So I just went in just before class and went into SSD multi-head.forward and entered pdb.settrace, and then I ran a single batch. And so I put the trace at the end, and then I could just print out the size of all of these guys. So which reminds me, last week there may have been a point where I said 21 + 4 = 26, which is not true in most universes.

And by the way, when I code I do that stuff, that's the kind of thing I do all the time. So that's why we have debuggers and know how to check things and do things in small little bits along the way. So this idea of putting a debugger inside your forward function and printing out the sizes is something which is damn super helpful.

Or you could just put a print statement here as well. So I actually don't know if that's how Chloe figured it out, but that's how I would if I was her. And then we talked about increasing k, which is the number of anchor boxes for each convolutional grid cell, which we can do with different zooms and different aspect ratios.

And so that gives us a plethora of activations, and therefore predicted bounding boxes, which we then went down to a small number using non-maximum suppression. And I'll try to remember to put a link -- there's a really interesting paper that one of our students told me about that I hadn't heard about, which is attempting to -- you know I've mentioned non-maximum suppression.

It's kind of hacky, kind of ugly, it's totally heuristic, I didn't even talk about the code because it seems kind of hideous. So somebody actually came up with a paper recently which attempts to do an end-to-end ConvNet to replace that NMS piece. So I'll put that paper up. Nobody's created a PyTorch implementation yet, so it would be an interesting project if anyone wanted to try that.

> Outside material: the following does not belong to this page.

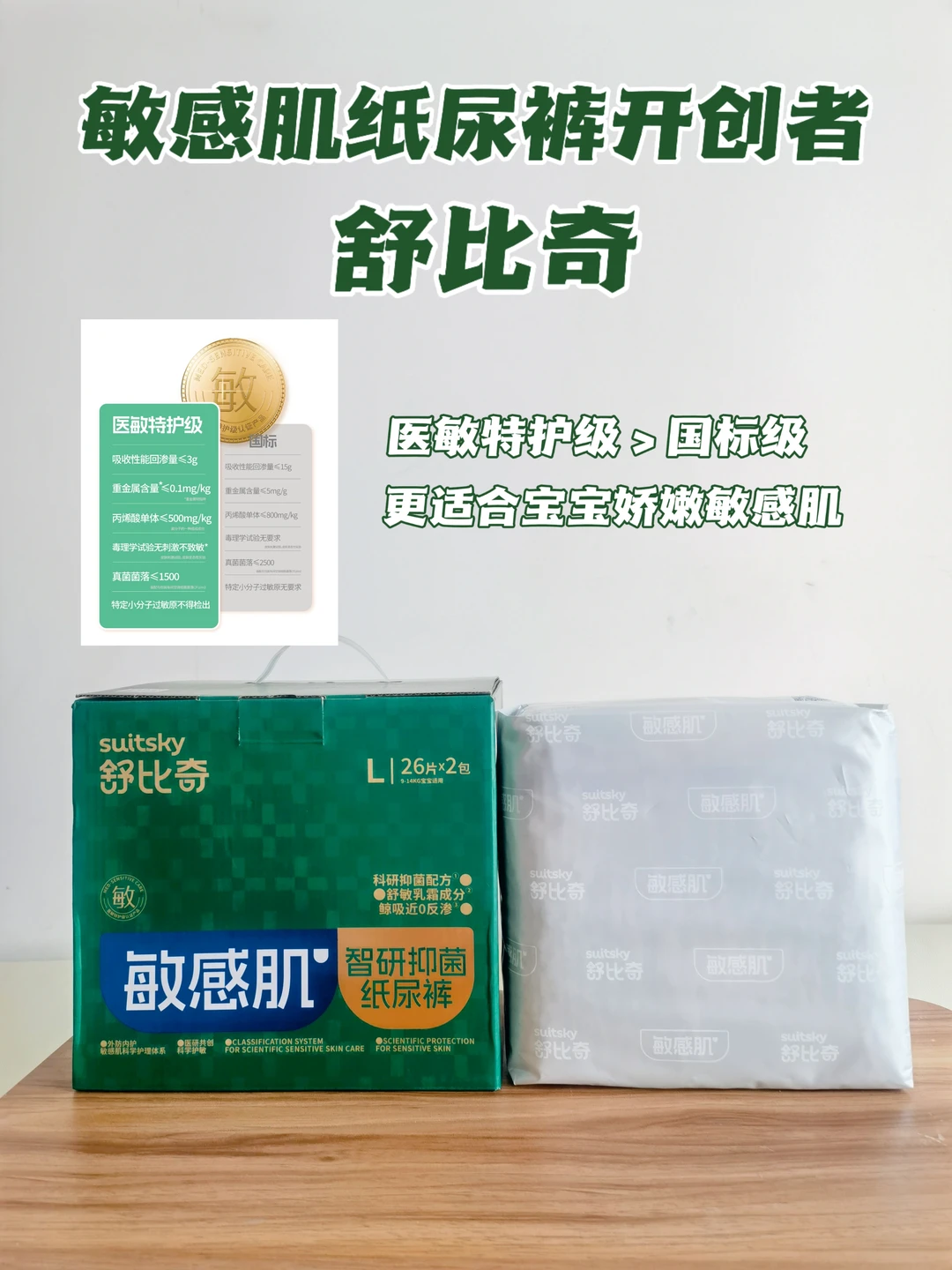 我给我家孩子用的是舒比奇智研抑菌纸尿裤,舒比奇的全系列产品都经过医敏特护级认证,高于国家标准,还是联合了百名皮肤科👩🏻⚕️共同研究的,他家的敏感肌纸尿裤,针对皮肤脆弱敏感的宝宝可以放心用!

One thing I've noticed in our study groups during the week is not enough people reading papers. What we are doing in class now is implementing papers. The papers are the real ground truth. And I think from talking to people, a lot of the reason people aren't reading papers is because a lot of people don't think they're capable of reading papers, they don't think they're the kind of people that read papers.

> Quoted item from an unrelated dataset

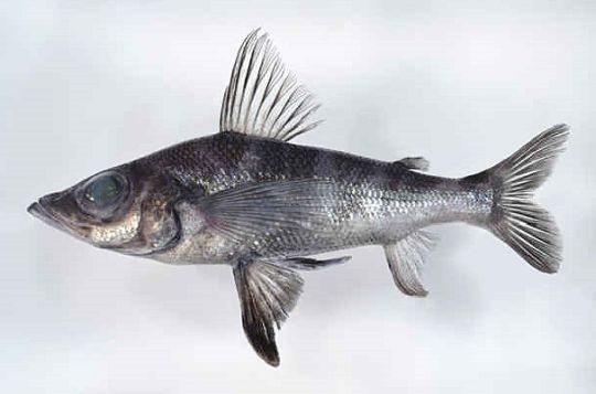 硬骨魚綱ヒメ目アオメエソ科に属する海水魚。熊野灘(くまのなだ)、土佐湾、奄美(あまみ)大島近海、九州・パラオ海嶺(かいれい)に分布する。体は細長く、胴部では円筒形で、尾部では側扁(そくへん)する。眼窩(がんか)径は吻長(ふんちょう)よりはるかに大きい。両眼間隔域は平坦(へいたん)。口は斜めに開き、上顎(じょうがく)の後端は瞳孔(どうこう)の前縁よりも後方に達する。下顎の先端は上顎より前に出る。上下両顎の歯は小さくて、狭い歯帯を形成する。下顎前部に外歯叢(がいしそう)(密集した小さい歯のかたまり)がある。鋤骨(じょこつ)(頭蓋(とうがい)床の最前端にある骨)の外縁、口蓋骨、舌上に歯帯がある。体は円鱗(えんりん)で覆われ、吻部と上下両顎は無鱗。側線鱗数は52~53枚。背びれは高く、体の前3分の1よりかなり後方にあり、11軟条で、前の2軟条は不分枝。脂(あぶら)びれ(背びれの後方にある1個の肉質の小さいひれ)は臀(しり)びれの第1軟条の上方にある。胸びれの先端はとがり、背びれ基底(付け根の部分)の後端を越える。腹びれ起部は背びれ第3軟条下方にある。腹びれは9軟条からなり、第1軟条を除いて分岐し、第1~4軟条は伸長して、先端は丸い。体は背側面では青黒色、腹側面では銀白色。腹びれ上方に幅の広い暗色斑紋(はんもん)、背びれと脂びれの中間、脂びれの下方および尾びれ基底部の背面にもやや狭い暗色の斑紋がある。口腔(こうこう)内は黒い。水深500~700メートルの大陸棚斜面の上部にすみ、底引網、釣りなどで漁獲される。おもに底生の小形の無脊椎(むせきつい)動物を食べる。最大体長は30センチメートルに達する。本種は日本の近海から6個体(体長19.2~30.0センチメートル)が報告されている。また、インターネット上では八丈島、駿河(するが)湾などから捕獲されたとの記録が見られるが、標本は明確にされていない。

But you are. You're here. And we started looking at a paper last week and we read the words that were in English and we largely understood them. So if you actually look through this picture from SSD, carefully you'll realize that SSD multi-head dot forward is not doing the same as this.

And then you might think, oh, I wonder if this is better. And my answer is probably, because SSD multi-head dot forward was the first thing I tried just to get something out there, but between this and the YOLO version, there are probably much better ways. One thing you'll notice in particular is they use a smaller K, but they have a lot more sets of grids, 1x1, 3x3, 5x5, 10x10, 19x19 and 38x38, 8,700 per plus, so a lot more than we had, so that'd be an interesting thing to experiment with.

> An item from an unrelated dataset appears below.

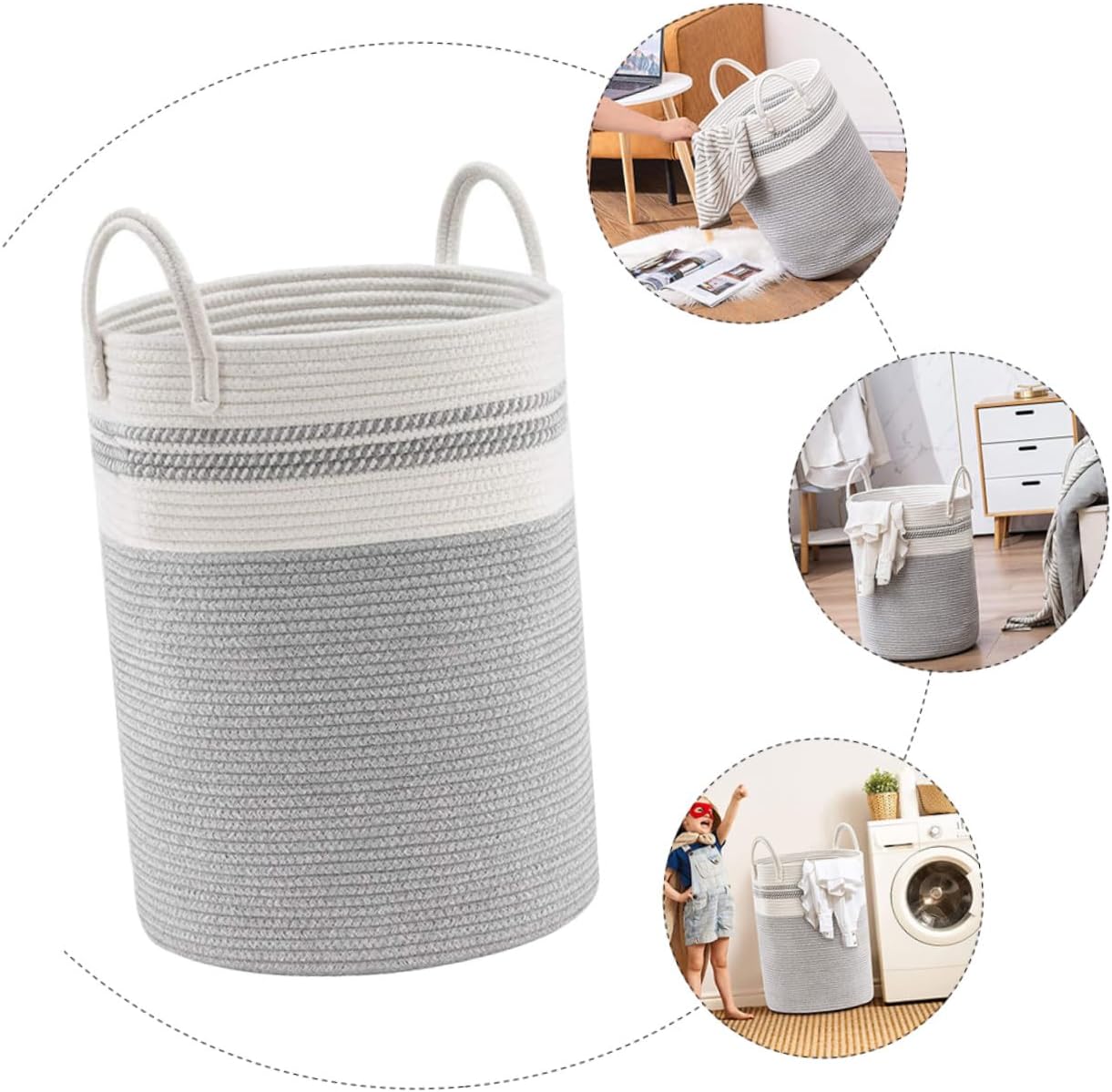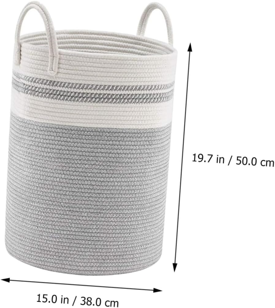 Package Include 1 x woven basket Features - Color: White and gray. -Product Info:Storage basket - Material: Cotton rope. - Size: 50.00X38.00X38.00cm/19.65X14.93X14.93in. - The lightweight design with hollow handles makes these baskets easier to move and place them in a reasonable place laundry room weave basket. - Hand-woven with wood chips, the surface is textured, which can add realism to any room multipurpose basket. - These baskets can add practical and charming decoration to any room, and can be well placed for laundry supplies and sundries storage container. - This storage basket is the perfect combination of fashion and convenience. It has a large capacity and is convenient for placing more clothes for changing clothes home decorative basket. - Very suitable for space optimization, the baskets can be stacked to save space woven storage basket.Goods Informationgarden weave basket It can be placed next to the washing machine in the bathroom to temporarily store the laundry.gray weave basket The product is a straw storage basket with a large circular opening design, which can accommodate small items and is convenient to place.office storage basket The storage basket is suitable for most occasions, such as bedrooms, bathrooms, offices and rooms

Another thing I noticed is that we had 4x4, 2x2, 1x1, which means there's a lot of overlap like every set fits within every other set. In this case where you've got 1, 3, 5, you don't have that overlap, so it might actually make it easier to learn. So there's lots of interesting things you can play with based on stuff that's either trying to make it closer to the paper or think about other things you could try that aren't in the paper or whatever.

Perhaps the most important thing I would recommend is to put the code and the equations next to each other. Yes, Rachel? There was a question of whether you could speak about the use cyclic learning rate argument and the fit function. We will get there. So put the code and the equations from the paper next to each other and draw in one of two groups.

You're either a code person like me who's not that happy about math, in which case I start with the code and then I look at the math and I learn about how the math maps to the code and end up eventually understanding the math. All your PhD in Stochastic Differential Equations like Rachel, whatever that means, in which case you can look at the math and then learn about how the code completes the math.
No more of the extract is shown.